The paragraph ^^ above is exactly what I was looking for. The nitty gritty of what _could_ be a possible scenario for future allotment, the possible shifting of resources towards a better timeline. That answers my question pretty well. Rather than trying to butt in with another user group, even just aligning the existing user groups interests' in the right way could benefit the rec group already. I could see that on some of these streams. 

I know ECWD has _some_ connection to the paddling community, at they did at one time at least. In the sumemr of 2010 they accidentally stored too much water in Joe's Valley Res, and ended up having a small excess to prepare for winter levels and let out 199.95 cfs for just about a month. I'm pretty sure there was a message posted here that I read and that spurred me to go and enjoy it. So the word was put out through enough channels that I, in a different state and network, still heard of it, and if it that worked for a random, unexpected flow event, then I would have to believe their network to inform boaters may already be in place and working.
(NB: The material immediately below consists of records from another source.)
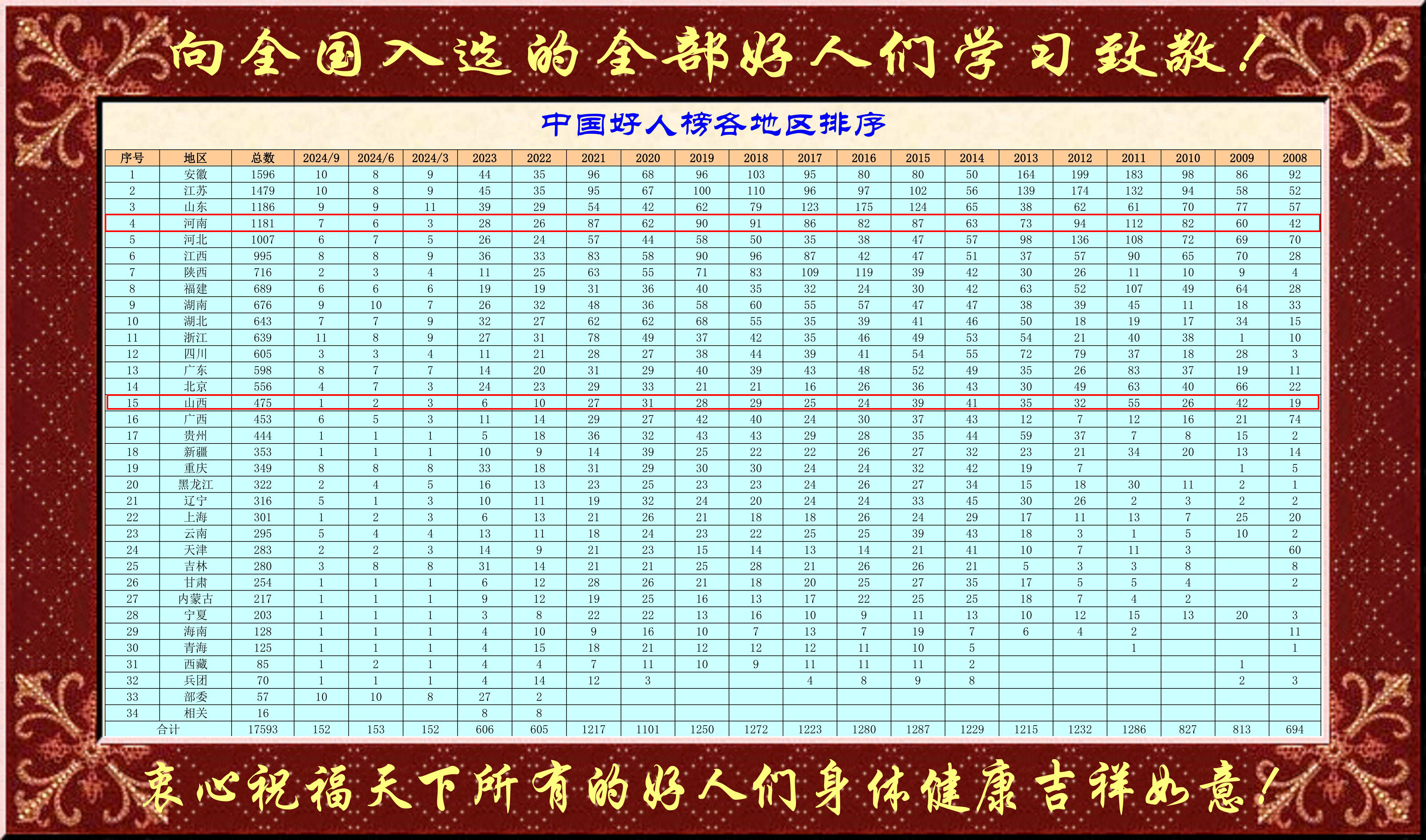 新华社武汉11月12日电(记者宋立崑)2024年第三季度“中国好人榜”发布仪式暨全国道德模范与身边好人现场交流活动12日在湖北十堰市举办。经各地推荐、网友评议和专家评审等环节,共有152人(组)助人为乐、见义勇为、诚实守信、敬业奉献、孝老爱亲的身边好人光荣上榜。
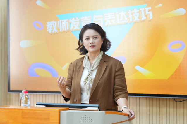 在工作坊第二环节,现场教师进行了试讲,她逐一给予点评并提出针对性建议。教学行为是一门表演艺术,教师通过科学和情境性地表达,能直接影响课堂教学效果。后续,她将继续通过线上课程、校本培训等形式,将戏剧发声训练融入教师培养体系,助力更多教育工作者用“有力量、有温度”的声音打造高效课堂。
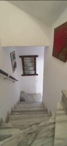 First Floor: Expansive living room with fireplace and air conditioning, flooded with natural light, plus a 20 m² terrace; fully equipped kitchen, guest toilet, and another equally sized entrance terrace – perfect for al fresco dining in the mild climate.
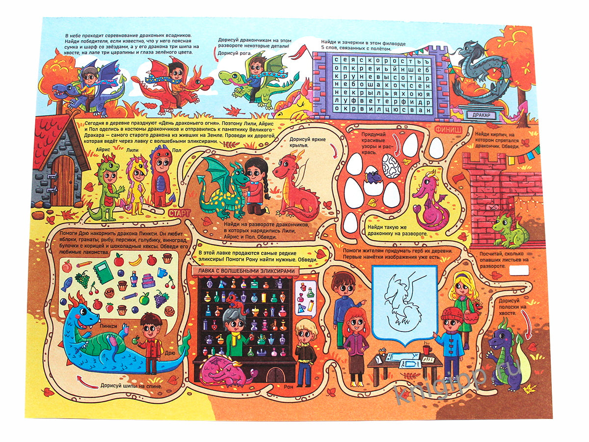 Перед вами книга игр в Макси-формате! Иллюстрации в каждой книге представляют из себя детализированные сюжетные картинки, выполненные в едином стиле. Оригинальные задания, раскраски, головоломки, задачки на логику — это и многое другое ждёт вас на страницах Супербольшой книги игр. В блоке отрывные листы — это сделано для того, чтобы можно было раздать детям по листику и, таким образом, занять сразу нескольких детей, например, на празднике. Благодаря большому формату задания на листе можно выполнять и вдвоём. А картонная подложка позволит рисовать в книге, даже когда рядом нет твёрдой поверхности. Ответы на задания можно найти, наведя камеру смартфона на QR-код, расположенный на заднике книги.
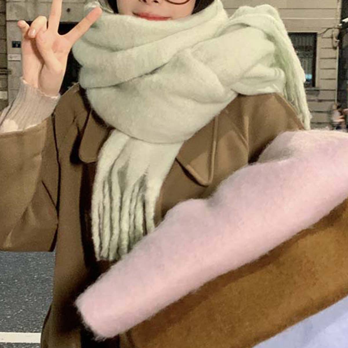 Thick Mohair Scarf - Winter Tassel Wrap for Women
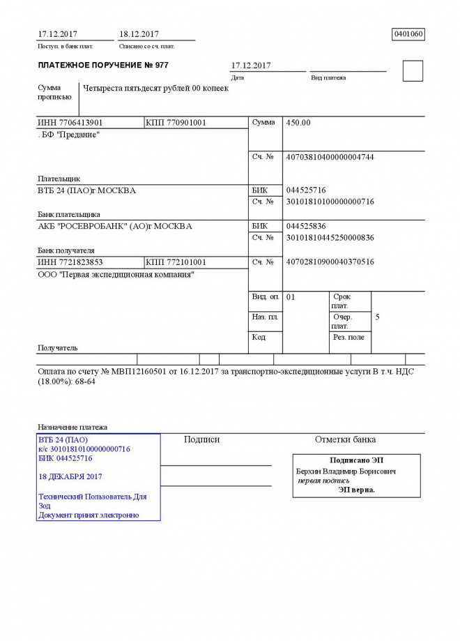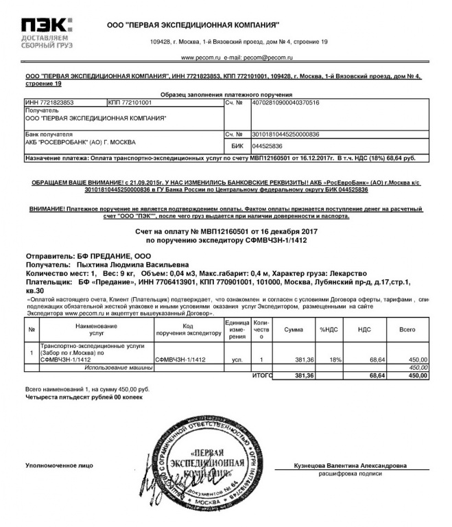 Пожертвование согласно ст.582 ГК РФ. Без налога (НДС)
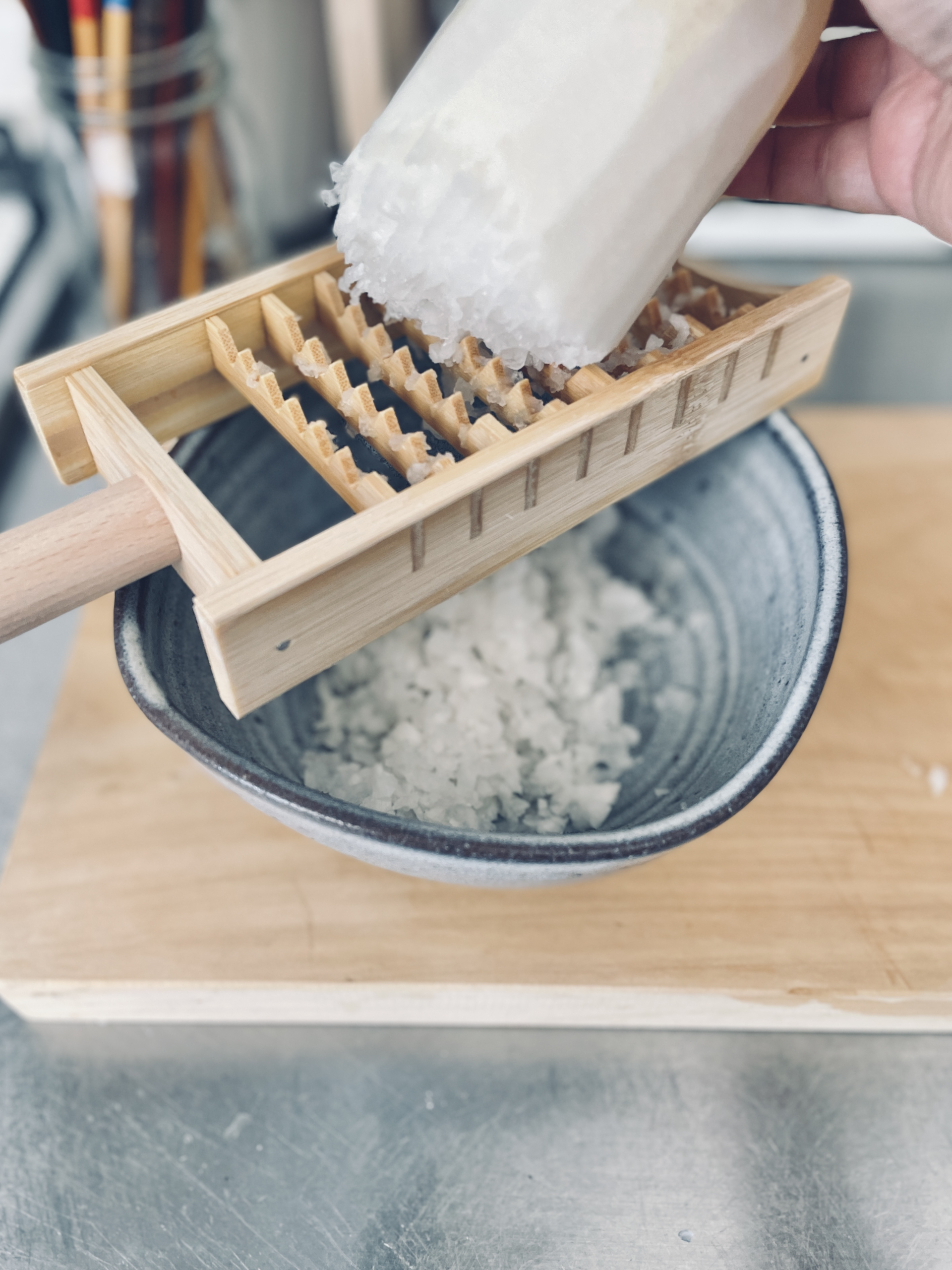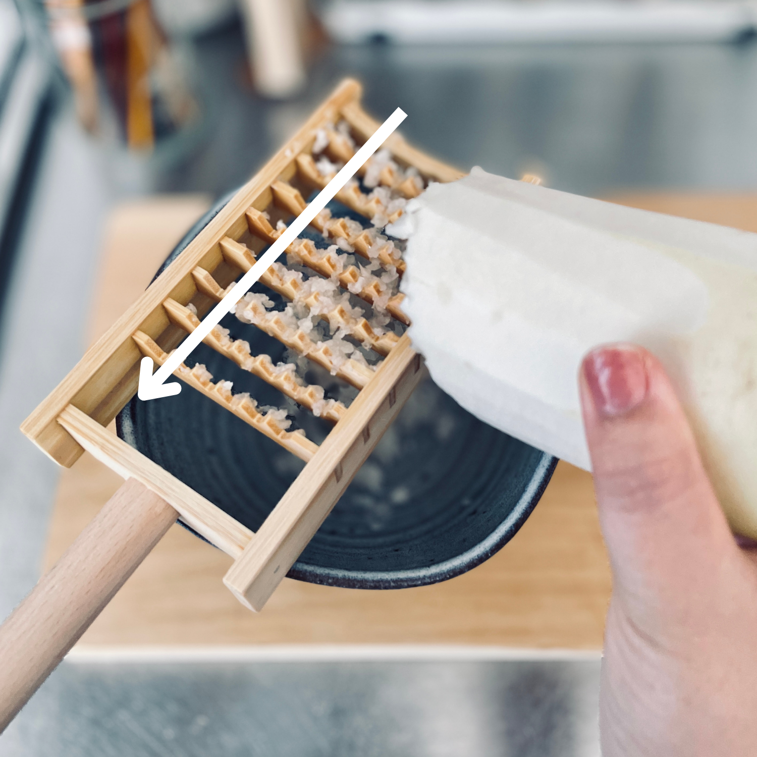 オススメポイント2:ザクザク削れて短時間でおろせる! 一方方向(奥から手前)に引くのがコツです。
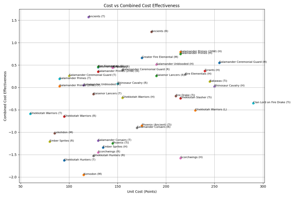 Here are the Salamanders’ top-performing units based on their cost-effectiveness. This metric evaluates a unit’s Elo rating and battlefield impact relative to its point cost:

There inevitably seems to be info coming out about Muddy Creek every season too.

Thanks for the survey and for answering my questions, Evan. I understand and support what's going on, and I wasn't trying to needle AW or anyone else, I was just genuine interested in some of the details. Thanks for everything you do and thanks to AW for looking out for us. We all appreciate it immensely!


----------



## AW-Evan (May 27, 2014)

Bump!!! Black Boxes and San Rafael drainage paddlers! We still need a few more respondents to make this survey legit! If you've run any of these stretches or know someone who has please fill out/ have them fill out the survey. Even if you've only one run of the reaches. Thanks!!!


----------